"Top 10 Strategies to Minimize GILTI & BEAT Taxes"

The article outlines key strategies for mitigating tax liabilities under GILTI and BEAT, including optimizing Foreign Tax Credits, utilizing the high-tax exception, restructuring operations, leveraging Section 962 elections, and engaging in robust tax planning and documentation. It emphasizes proactive measures like increasing domestic revenue, monitoring base erosion payments, and exploring exemptions to ensure compliance and minimize risks.

Strategy Description
Optimize Foreign Tax Credits (FTCs)
Leverage Foreign Tax Credits to offset U.S. tax liabilities under GILTI. Ensure proper calculation and documentation of FTCs to maximize benefits and mitigate double taxation risks.
Implement High-Tax Exception Election
Utilize the GILTI high-tax exception election if applicable. This allows exclusion of income subject to a foreign tax rate that exceeds 90% of the U.S. corporate income tax rate, reducing GILTI exposure.
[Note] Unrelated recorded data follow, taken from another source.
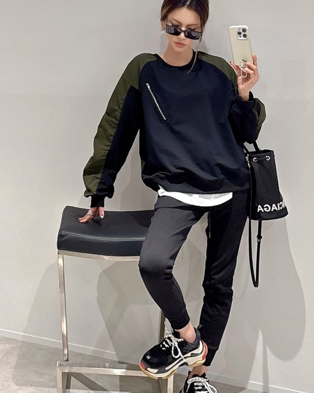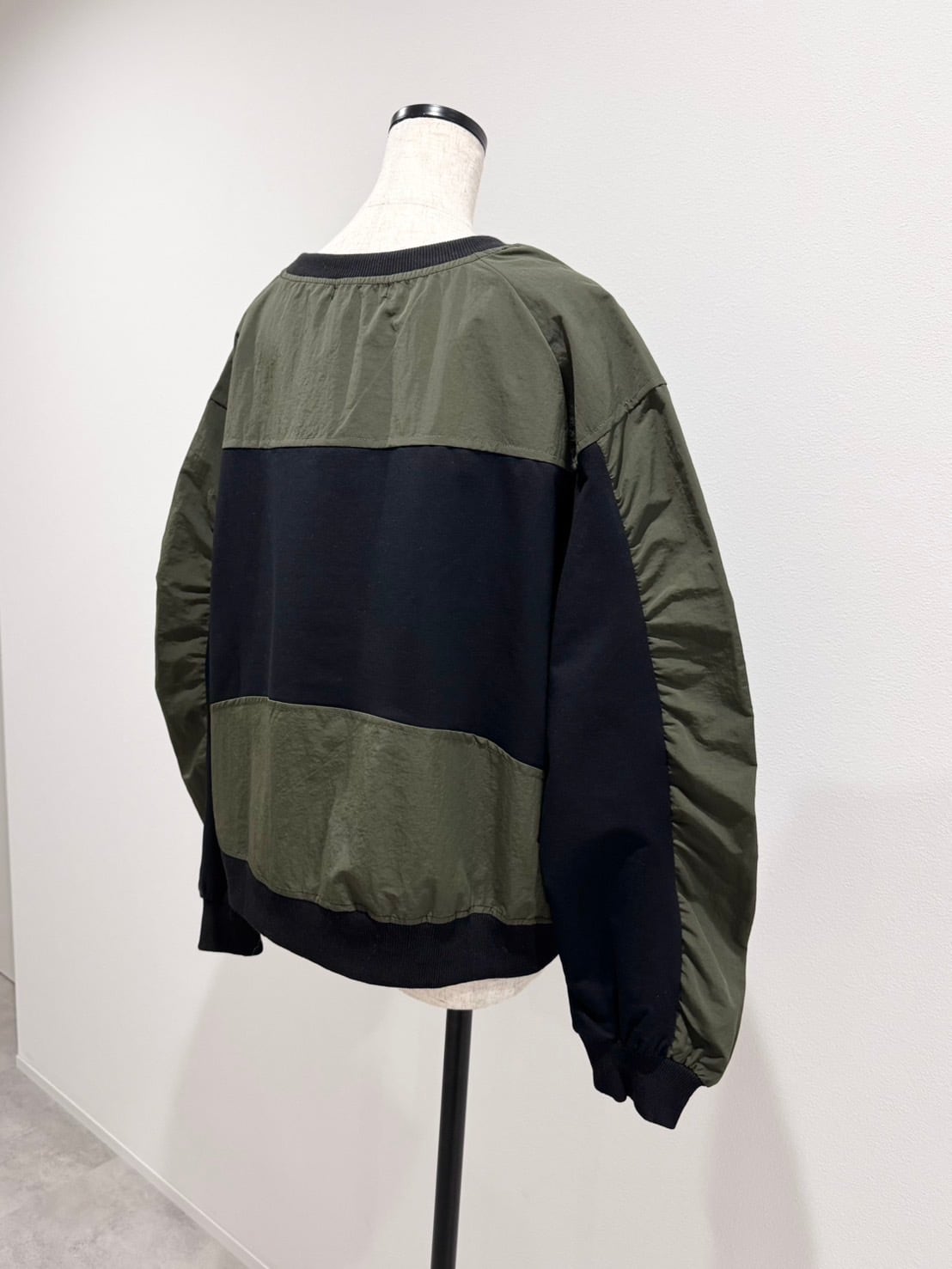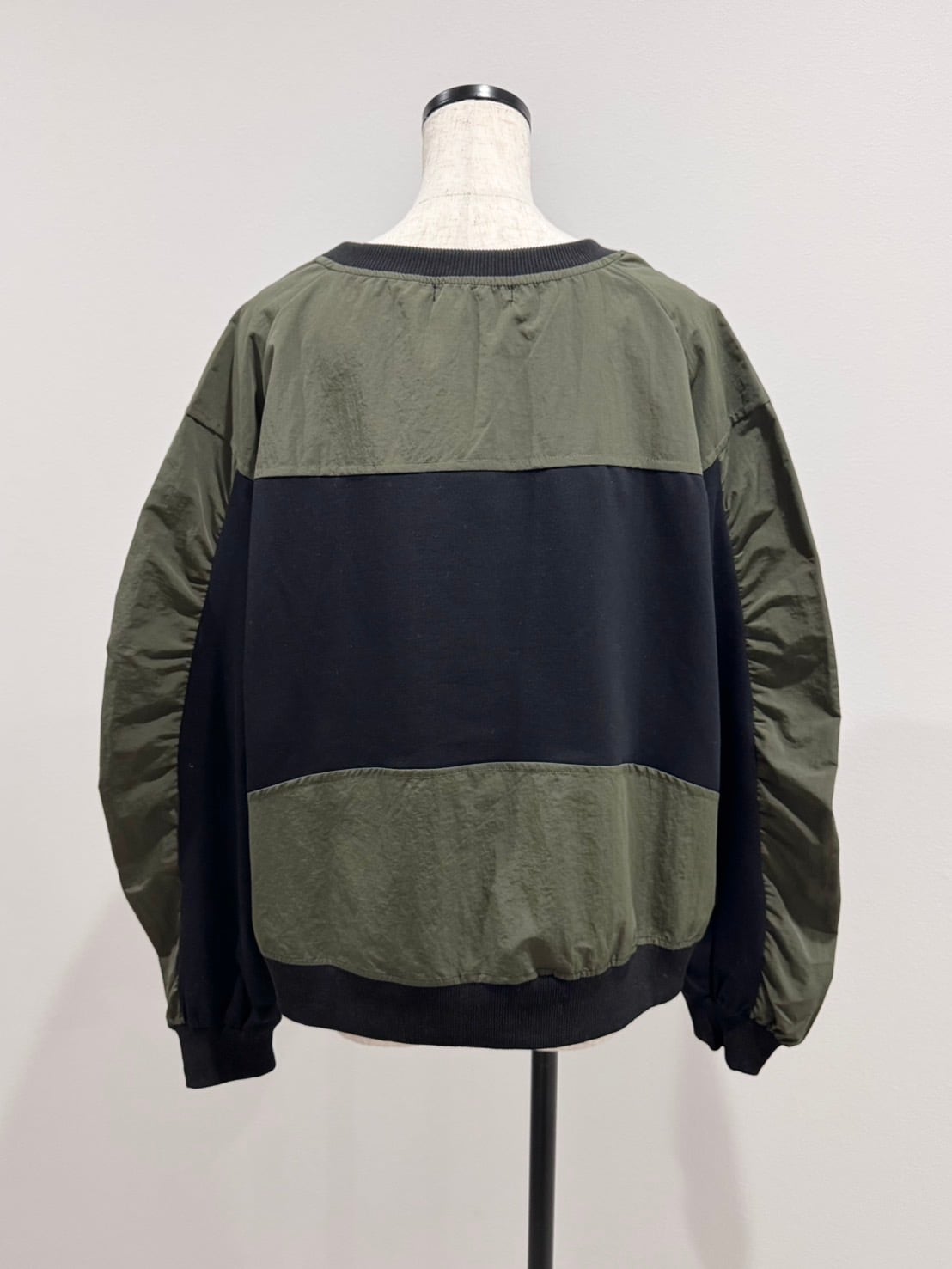 配色シャーリングsleeve異素材切替えSWプルオーバー /ブラック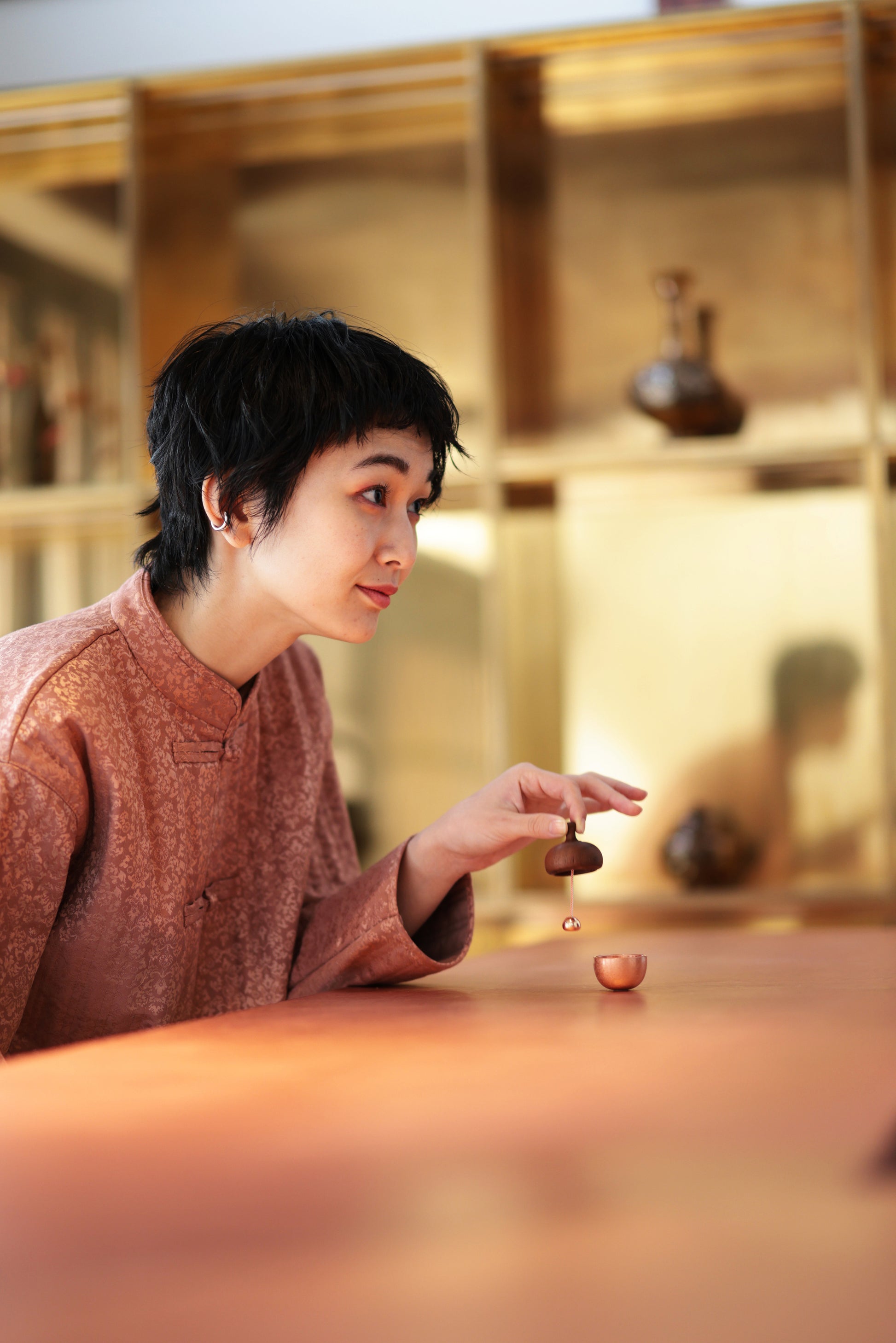 This small acorn-shaped bell is struck by a pendulum stored inside (patented). The movement of the pendulum creates a gentle and calming moment that will help you forget your busy everyday life. Its bright, clear tone matches its cute appearance.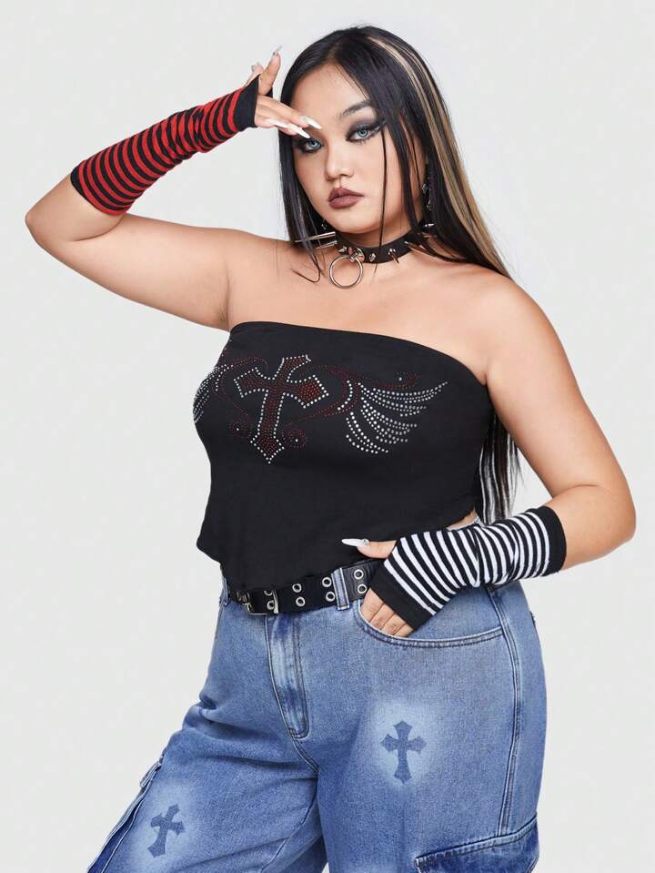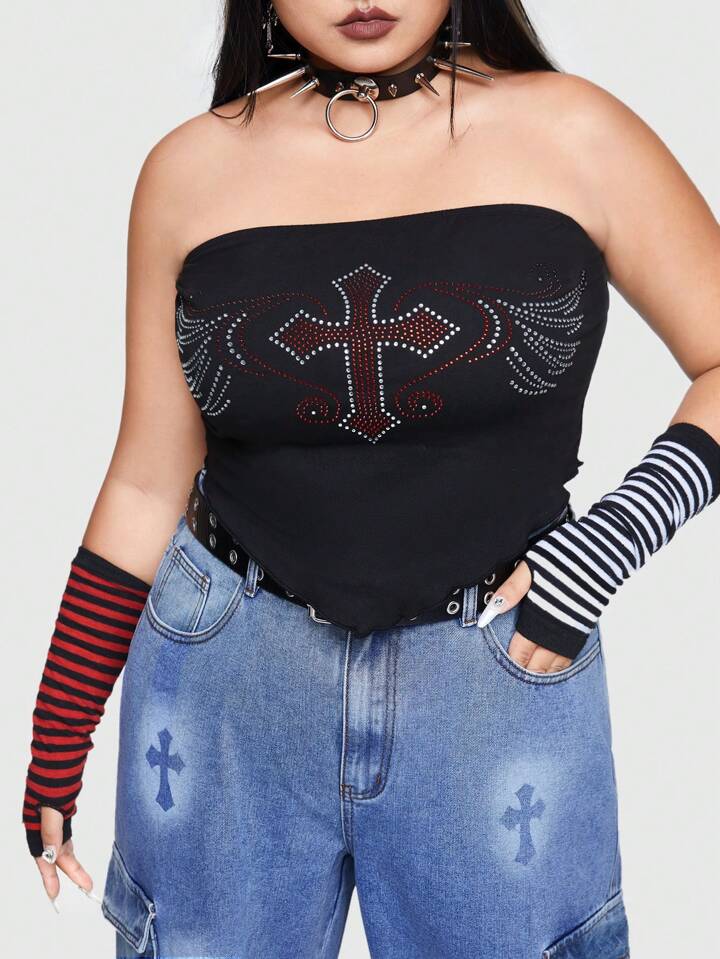 Grunge Punk Taglie Forti Top tubo con strass con stampa croce

Restructure Global Operations
Consider restructuring business operations, such as shifting intangible assets to lower-tax jurisdictions or consolidating Controlled Foreign Corporations (CFCs) to reduce GILTI inclusions.
Utilize Section 962 Election
Make a Section 962 election to treat GILTI inclusions as corporate income, allowing access to lower corporate tax rates and FTCs, while potentially reducing overall tax liability.
Monitor Base Erosion Payments
Regularly review and monitor payments that may be categorized as base erosion payments under BEAT. Minimize reliance on related-party transactions subject to BEAT penalties.
Increase Domestic Revenue
Focus on increasing domestic revenue to reduce the proportionate impact of base erosion payments, thus lowering BEAT liability.
Aggregate Small Payments
Consider aggregating smaller base erosion payments to minimize administrative complexity and avoid crossing BEAT threshold amounts.
Utilize BEAT Exemptions
Explore exemptions or carve-outs under BEAT for certain targeted industries or transactions. Proper classification of transactions may reduce exposure to BEAT liability.
Engage in Strategic Tax Planning
Work with tax advisors to develop comprehensive strategies for both GILTI and BEAT compliance. Ensure alignment of global tax structures with U.S. tax regulations to mitigate risks.
Maintain Robust Documentation
Maintain detailed documentation of all foreign income, taxes paid, and transactions to ensure compliance and reduce audit risks for both GILTI and BEAT regulations.